If the damage is already present when the car is collected and is logged on the appropriate paperwork, then the damage should have no effect on the renter whatsoever. If there is damage not logged on the appropriate paperwork, then the renter should inform the rental agency of it before leaving the site, to avoid being held liable for the damage.
If the car is returned with "new" damage - either because it wasn't previously noticed or has now occured, the exact consequences depend on the rental company's policy and the rental agreement, as well as the insurance held by the renter. In general, the renter can be expect to charged for the damage, at what many would consider a somewhat inflated rate. The requirement of a credit card when renting is normally to make it easy for the rental company to do this. If the renter opted to reduce the damage collision waiver to 0, then this should cover any non-malicous damage (you may be questioned about the circumstances) and there should be no additional charge.
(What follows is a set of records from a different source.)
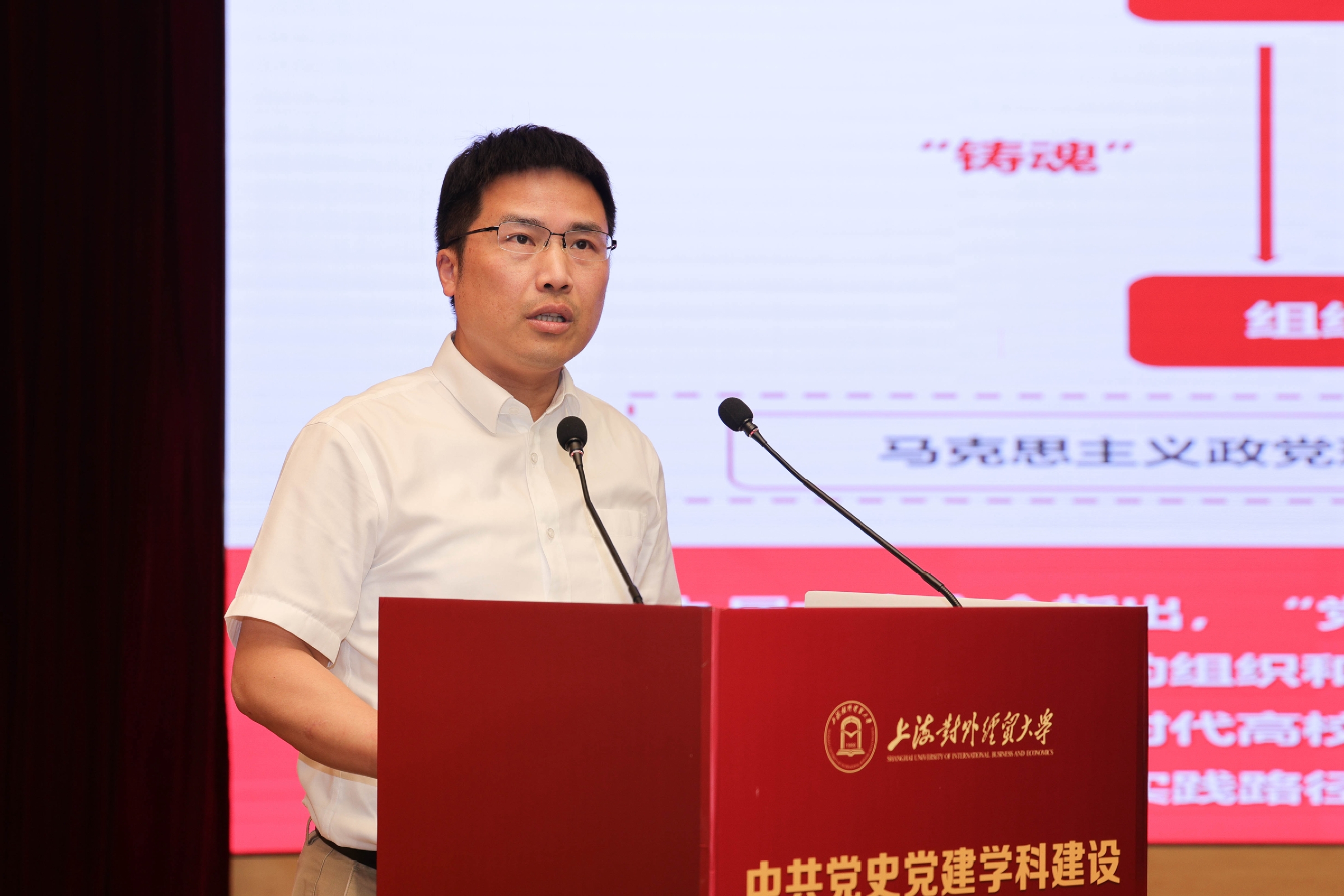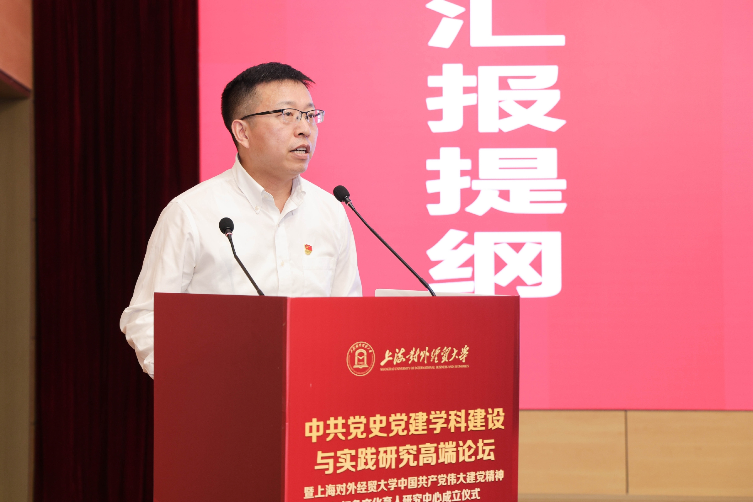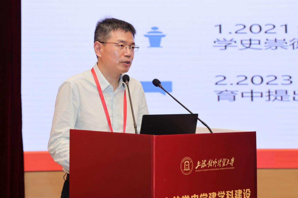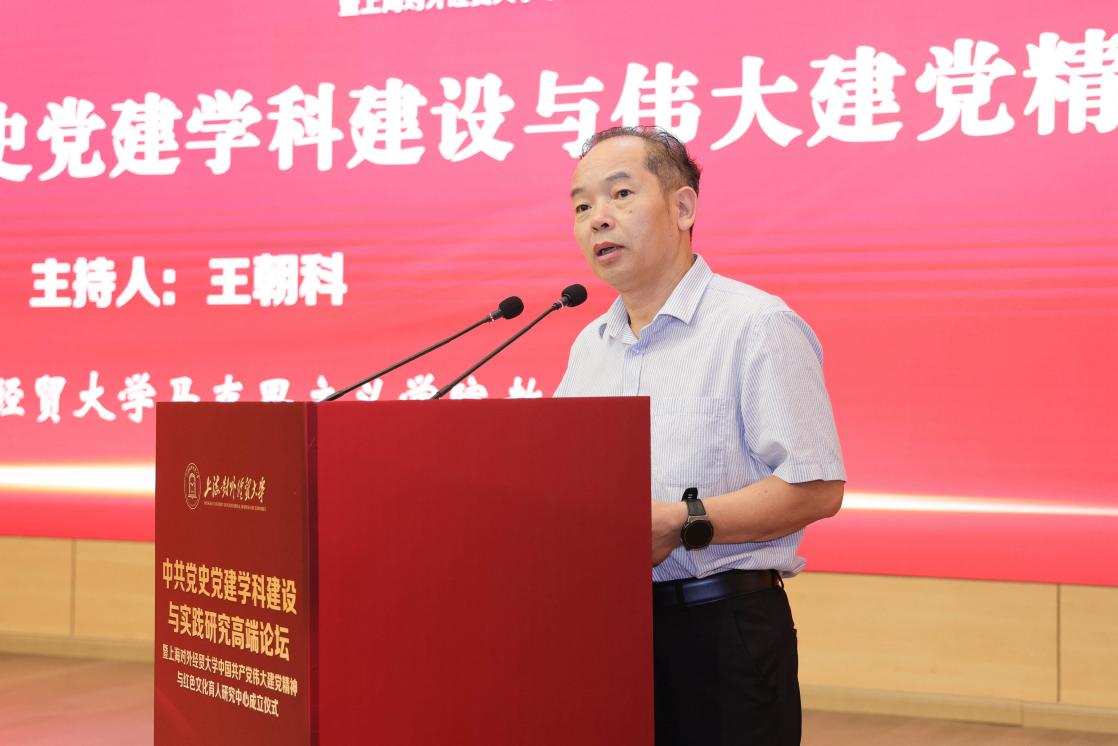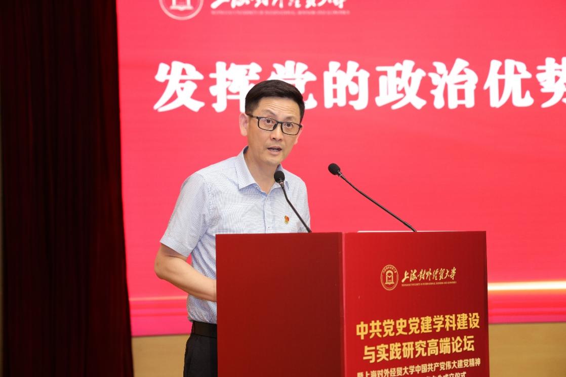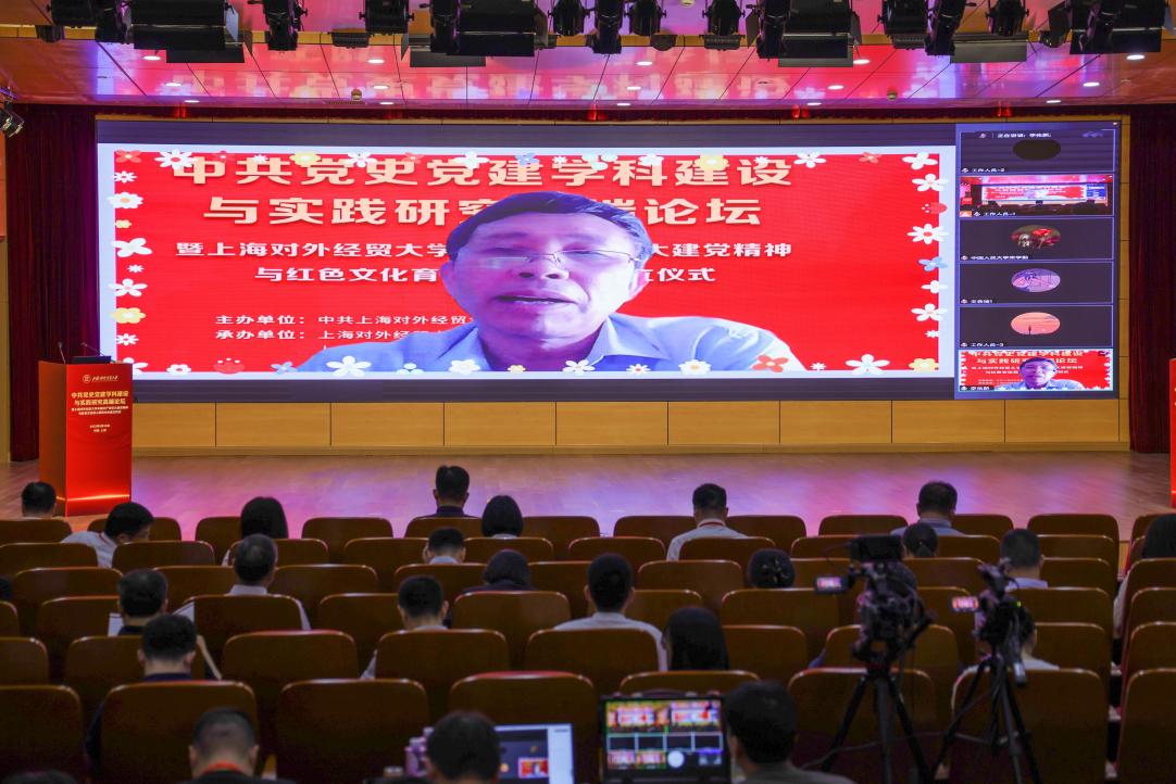 為全面學習貫徹黨的二十大精神,深入開展學習貫徹習近平新時代中國特色社會主義思想主題教育,6月18日,上海對外經貿大學舉辦中共黨史黨建學科建設與實踐研究高端論壇暨上海對外經貿大學中國共產黨偉大建黨精神與紅色文化育人研究中心成立儀式。論壇由中共上海對外經貿大學委員會主辦,上海對外經貿大學黨委組織部、上海對外經貿大學馬克思主義學院、上海高校思想政治理論課名師工作室“庾向芳工作室”承辦。來自北京師范大學、中國人民大學、湘潭大學、同濟大學、華東師范大學、華東理工大學、上海財經大學、上海大學、上海師范大學、上海應用技術大學、上海立信會計金融學院、上海工程技術大學、上海健康醫學院及上海對外經貿大學等十余所科研機構和高校的近百名專家學者參加論壇,論壇圍繞中共黨史黨建學科建設與偉大建黨精神、增強黨組織政治功能和組織功能等專題展開了廣泛和深入的討論。
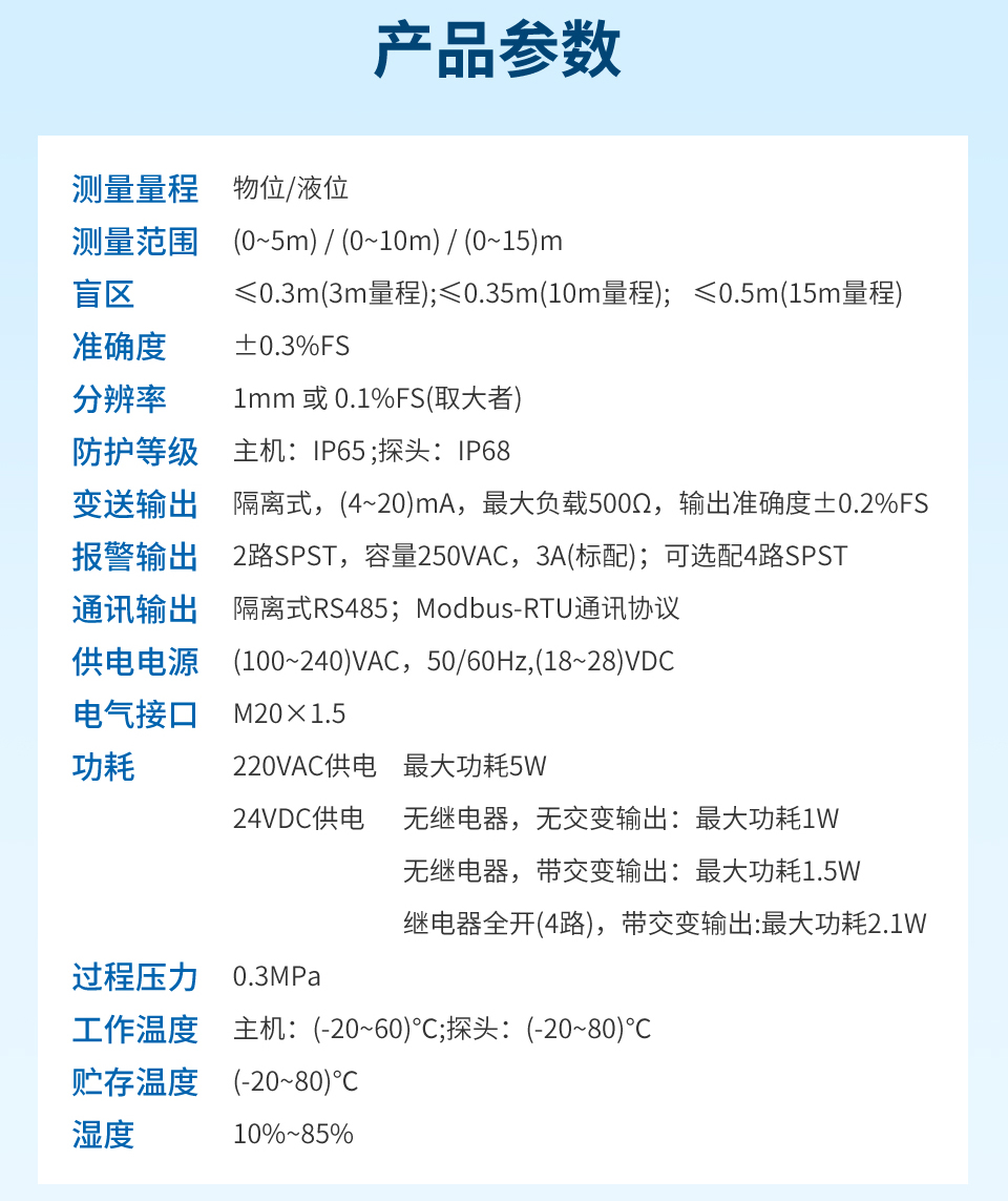 產品名稱:超聲波液位計(測量液位/物位),是一種非接觸式、高可靠性、高性價比、易安裝維護的液位/物位測量儀器
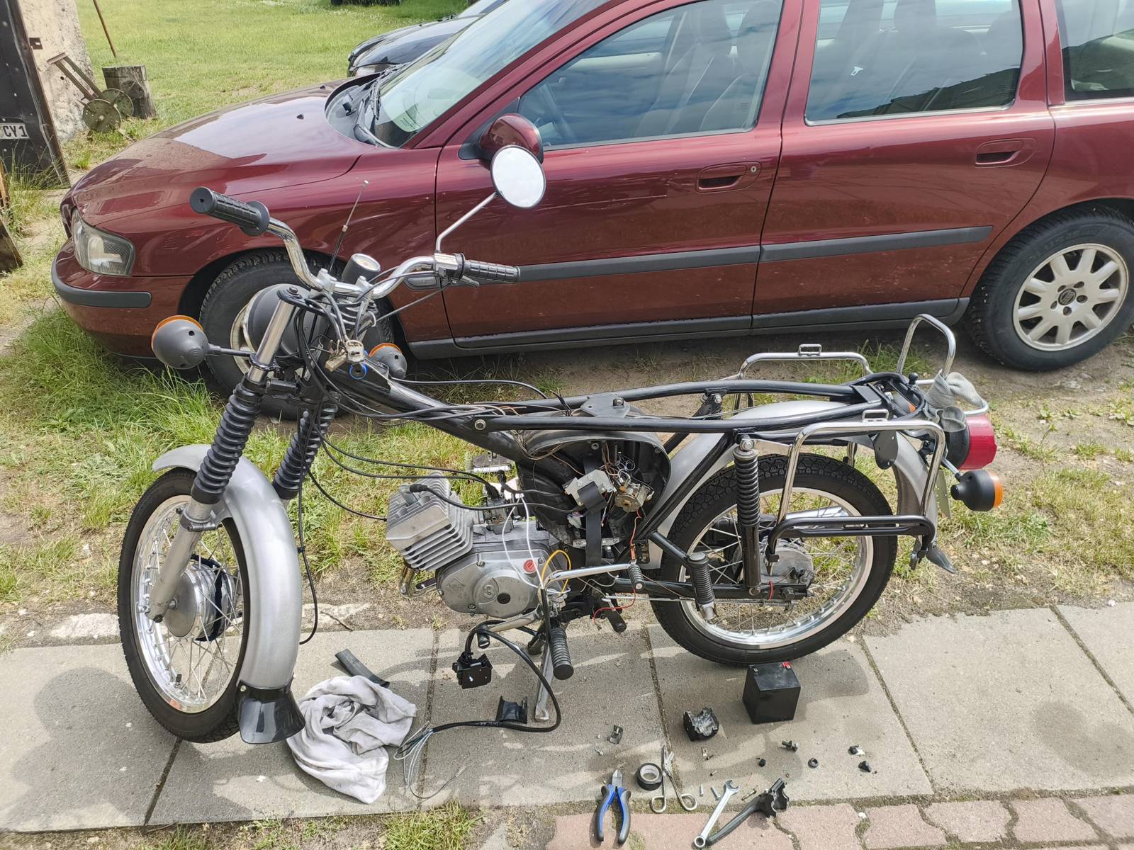 Zwar nicht heute, sondern an einem Wochenende im Juni, als Nachtrag: Ich musste leider einen Teil des Kabelbaums erneuern. Incl. Blinkergarnitur. Durch den defekten Hup-Schalter kam es regelrecht zu einem Kabelbrand. ...
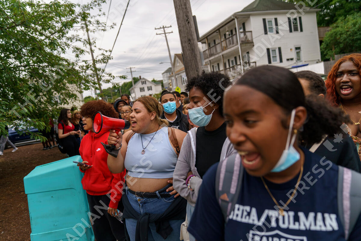 Students from Shea High School shout the names of those killed in last week's school shooting in Uvalde, Texas, as they pause during their walkout to protest the nation's gun policies, Wednesday, June 1, 2022, in Pawtucket, R.I. Organizer Zachary Pinto, 17, said his fellow students told them they were frustrated, angry and in pain after last week's school shooting. He led students to a rally at city hall where they were then joined by other local high school students. (AP Photo/David Goldman)
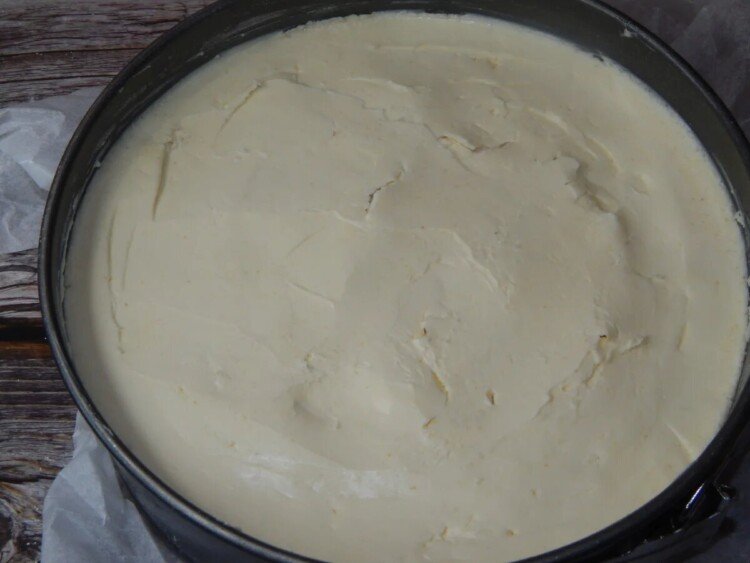 Лопаткою або ложкою рівномірно розподіляємо суміш по формі.
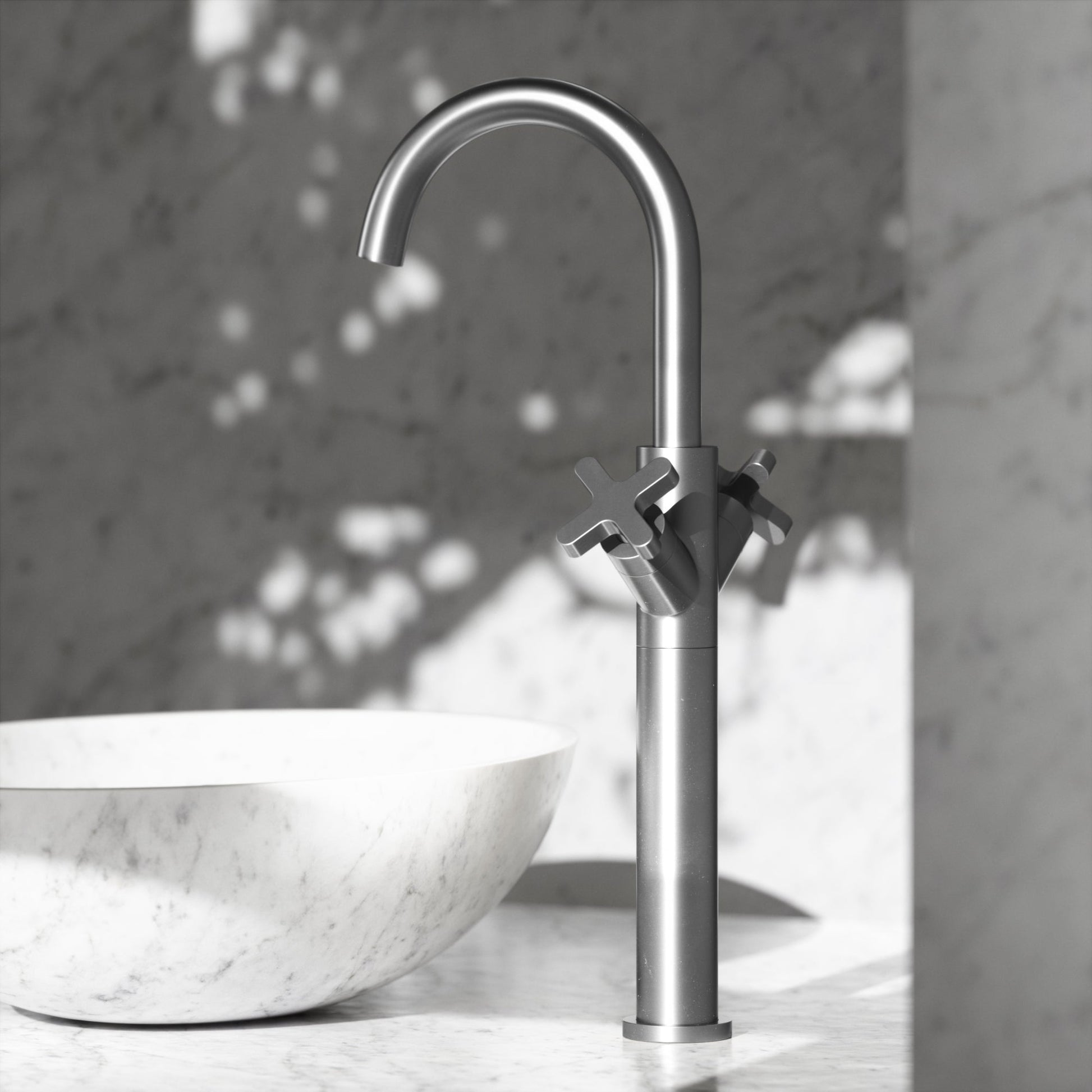 Regal Brushed Stainless Crosshead Tall Basin Mixer Tap
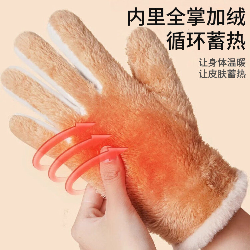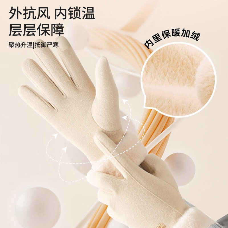 保暖手套冬天加绒加厚可爱麂皮绒女士骑行防寒骑车防风触屏冬季女

Note that many car hire companies exclude certain aspects of the car from their damage insurance/CDW. The most common exclusions are tyres (sometimes all aspects of the wheel) and windscreens. Also note that letting a non-named driver drive, or operating in any of the (often many) prohibited situations of the rental agreement can also invalidate any cover you may have.
With respect to the impact and reaction to the size of the damage, it's really difficult to generalize. Even among the big chains, rules may differe from country to country, and possibly between chains. Some have a policy on a minimum damage size before charging, others don't. If the damage was pointed out when renting the car, then that is probably because it is chargeable damage (those rental agencies I've used with a minimum damage size don't bother to point out marks below the minimum). Whether damage gets fixed or not is not an indicator of if you will be charged or not. This is for several reasons:
- The rental company will argue that the damage effects the resale value of the car and hence the value of their asset
- Cosmetic damage may only be fixed periodically, especially in busy periods when all the fleet is used
- Car damage and subsequent charges to customers are a profit centre for many car rental companies. This is more common with companies in heavy tourist areas for whom repeat business is a smallr concern than low prices to get new business and maximizing the profit from one-time customers.
I've also seen cars being rented out with quite significant (ie major dents), cosmetic damage before, which it is almost certain was charged for.